* ABOUT THIS TASK
For the data below, transcribe the part that opens with the line containing "1、葉輪直徑大、轉速快,礦漿和藥物攪拌能力強。" and closes with the line containing "9.5L double handles.  Faux", exactly and with no pictures.

* DATA TO USE
_ _ _ _ _

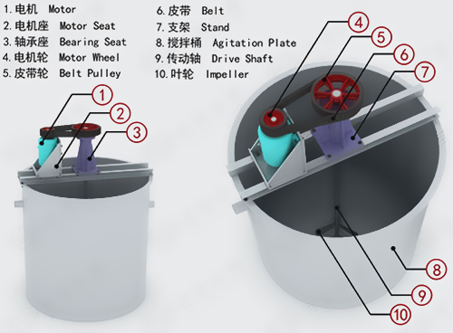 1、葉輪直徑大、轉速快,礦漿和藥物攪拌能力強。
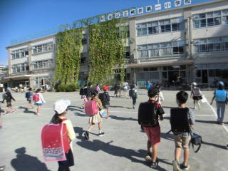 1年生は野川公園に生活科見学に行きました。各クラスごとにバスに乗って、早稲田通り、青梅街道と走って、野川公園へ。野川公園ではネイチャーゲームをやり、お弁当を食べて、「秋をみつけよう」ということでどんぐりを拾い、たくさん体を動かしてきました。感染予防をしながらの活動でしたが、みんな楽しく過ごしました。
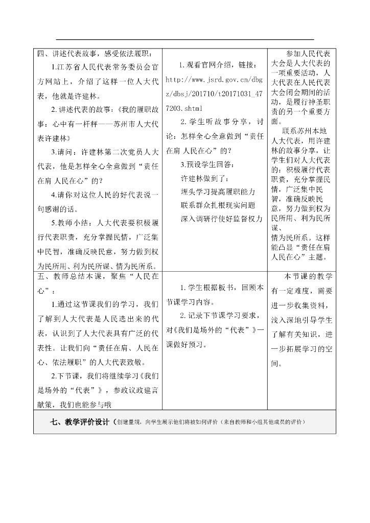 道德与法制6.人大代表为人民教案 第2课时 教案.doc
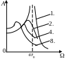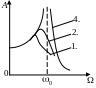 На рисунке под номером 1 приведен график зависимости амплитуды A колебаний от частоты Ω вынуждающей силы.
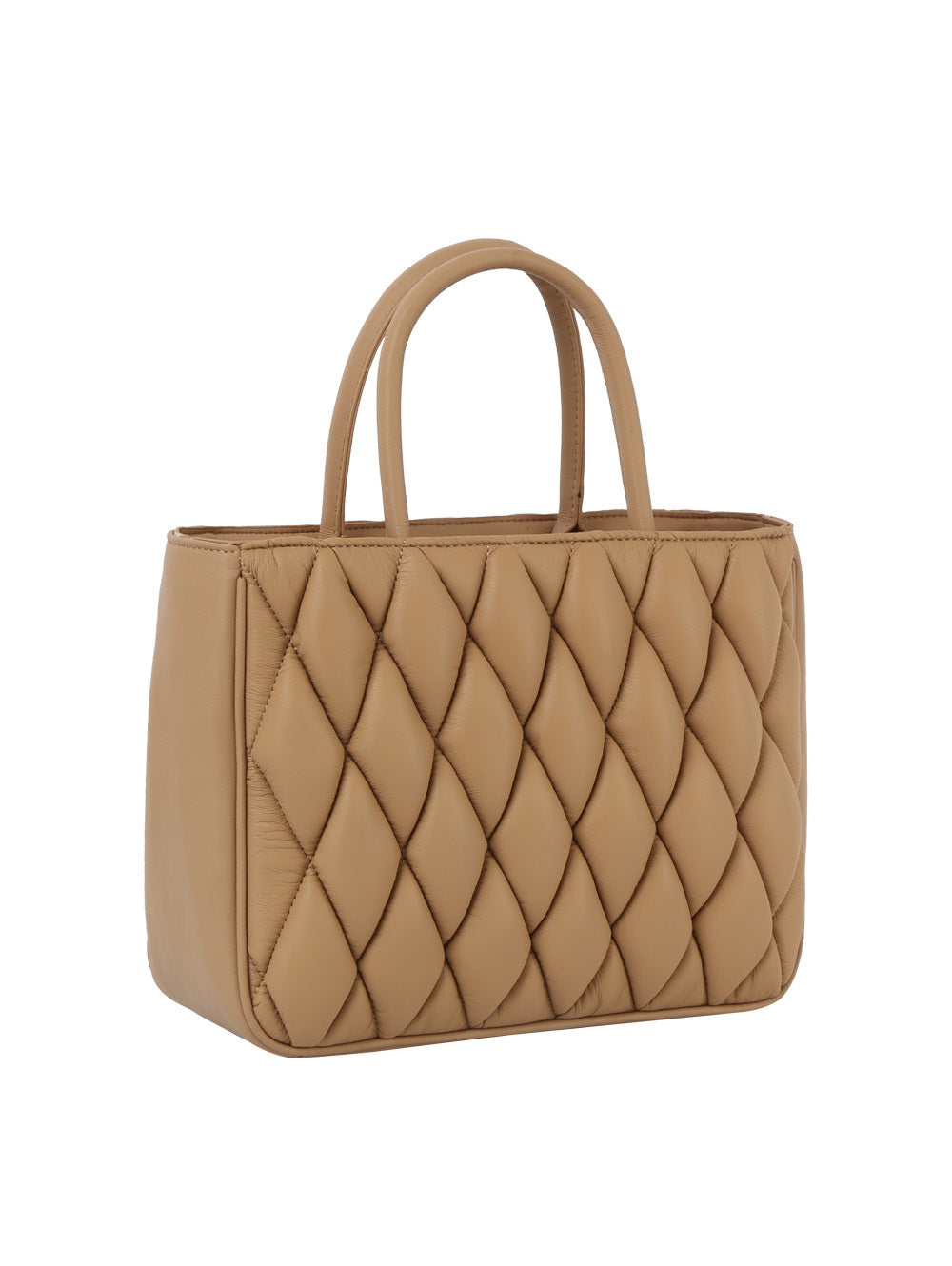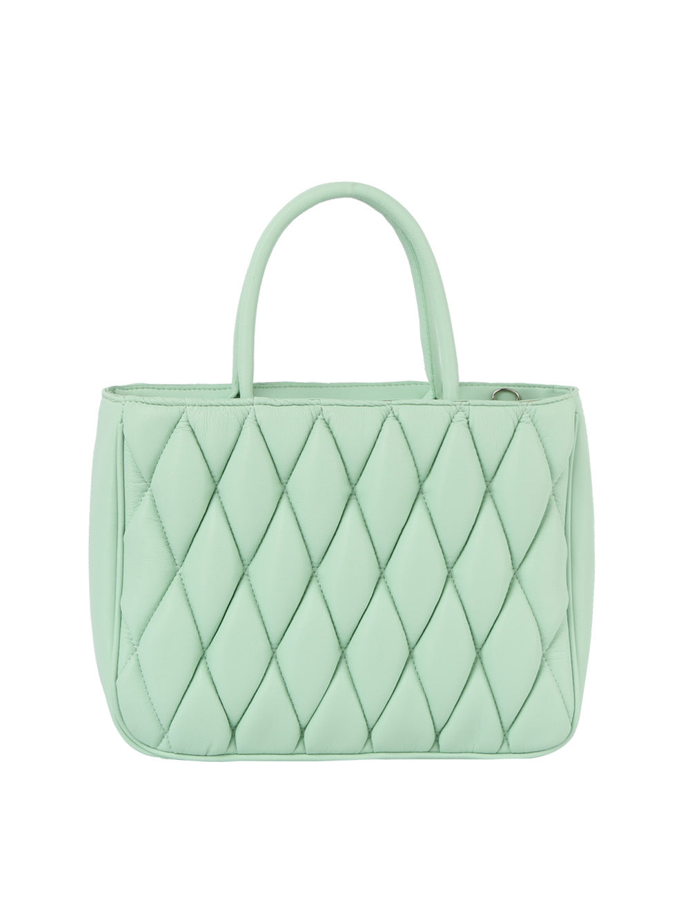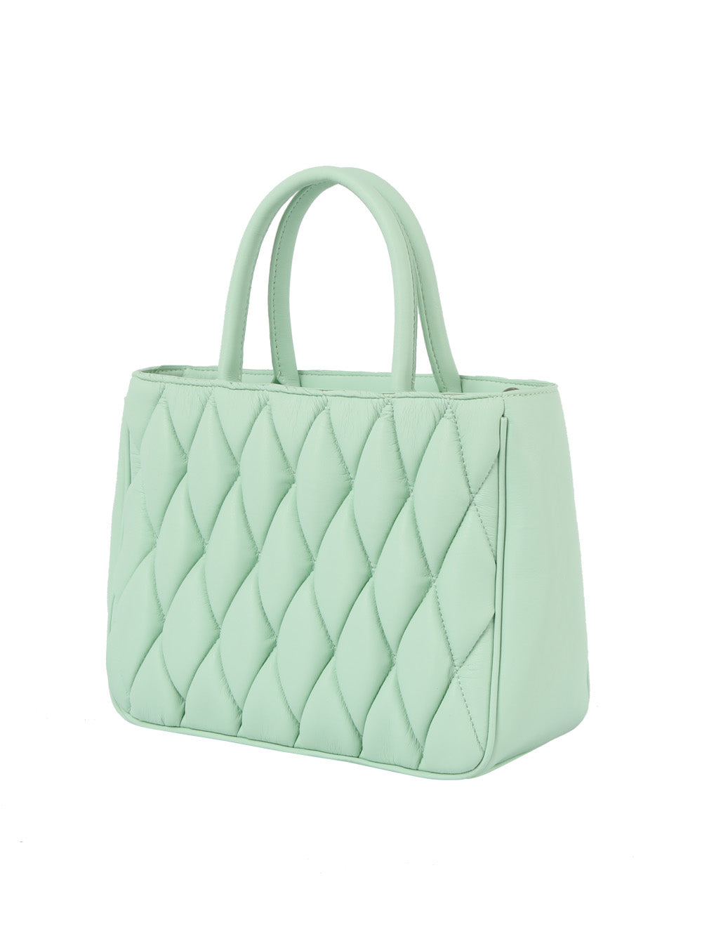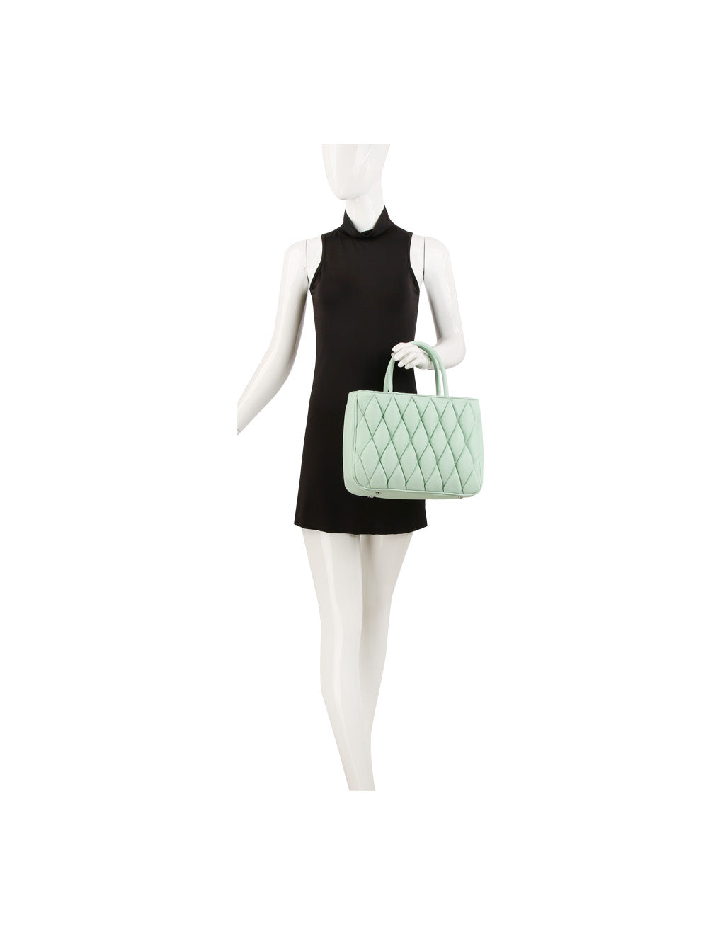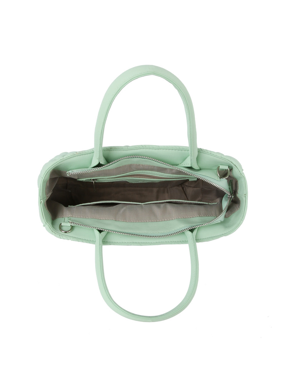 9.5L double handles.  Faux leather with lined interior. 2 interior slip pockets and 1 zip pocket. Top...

_ _ _ _ _

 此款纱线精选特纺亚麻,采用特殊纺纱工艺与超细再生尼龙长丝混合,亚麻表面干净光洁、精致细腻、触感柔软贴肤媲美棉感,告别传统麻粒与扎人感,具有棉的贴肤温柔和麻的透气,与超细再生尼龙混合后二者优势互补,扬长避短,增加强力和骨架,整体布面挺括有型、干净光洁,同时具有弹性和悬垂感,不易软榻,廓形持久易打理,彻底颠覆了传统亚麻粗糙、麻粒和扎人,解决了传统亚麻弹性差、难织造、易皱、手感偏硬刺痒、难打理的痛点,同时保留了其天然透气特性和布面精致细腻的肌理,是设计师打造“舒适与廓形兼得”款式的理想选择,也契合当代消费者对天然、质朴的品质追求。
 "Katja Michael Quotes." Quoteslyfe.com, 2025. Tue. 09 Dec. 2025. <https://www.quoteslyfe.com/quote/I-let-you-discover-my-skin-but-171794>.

_ _ _ _ _

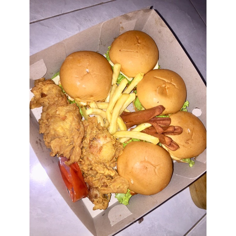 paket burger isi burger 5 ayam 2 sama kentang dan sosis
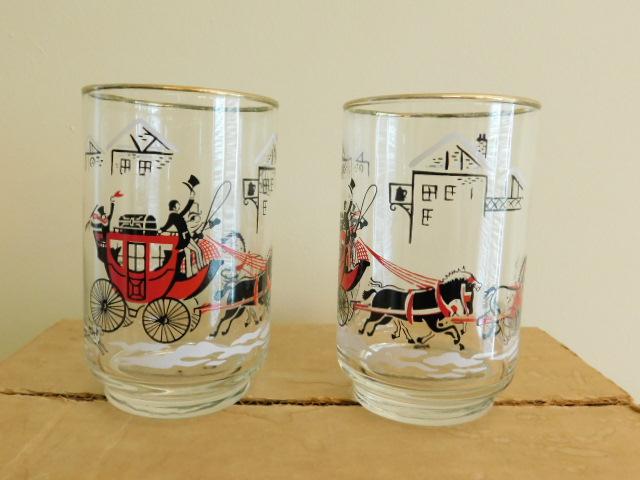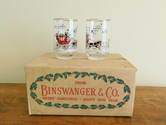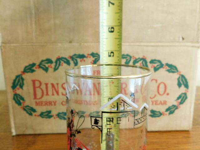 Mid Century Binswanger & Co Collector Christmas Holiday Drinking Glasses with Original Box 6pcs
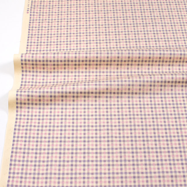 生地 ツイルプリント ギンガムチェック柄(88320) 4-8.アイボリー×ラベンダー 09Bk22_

_ _ _ _ _

* EXERCISE RESULT
 1、葉輪直徑大、轉速快,礦漿和藥物攪拌能力強。
 1年生は野川公園に生活科見学に行きました。各クラスごとにバスに乗って、早稲田通り、青梅街道と走って、野川公園へ。野川公園ではネイチャーゲームをやり、お弁当を食べて、「秋をみつけよう」ということでどんぐりを拾い、たくさん体を動かしてきました。感染予防をしながらの活動でしたが、みんな楽しく過ごしました。
 道德与法制6.人大代表为人民教案 第2课时 教案.doc
 На рисунке под номером 1 приведен график зависимости амплитуды A колебаний от частоты Ω вынуждающей силы.
 9.5L double handles.  Faux leather with lined interior. 2 interior slip pockets and 1 zip pocket. Top...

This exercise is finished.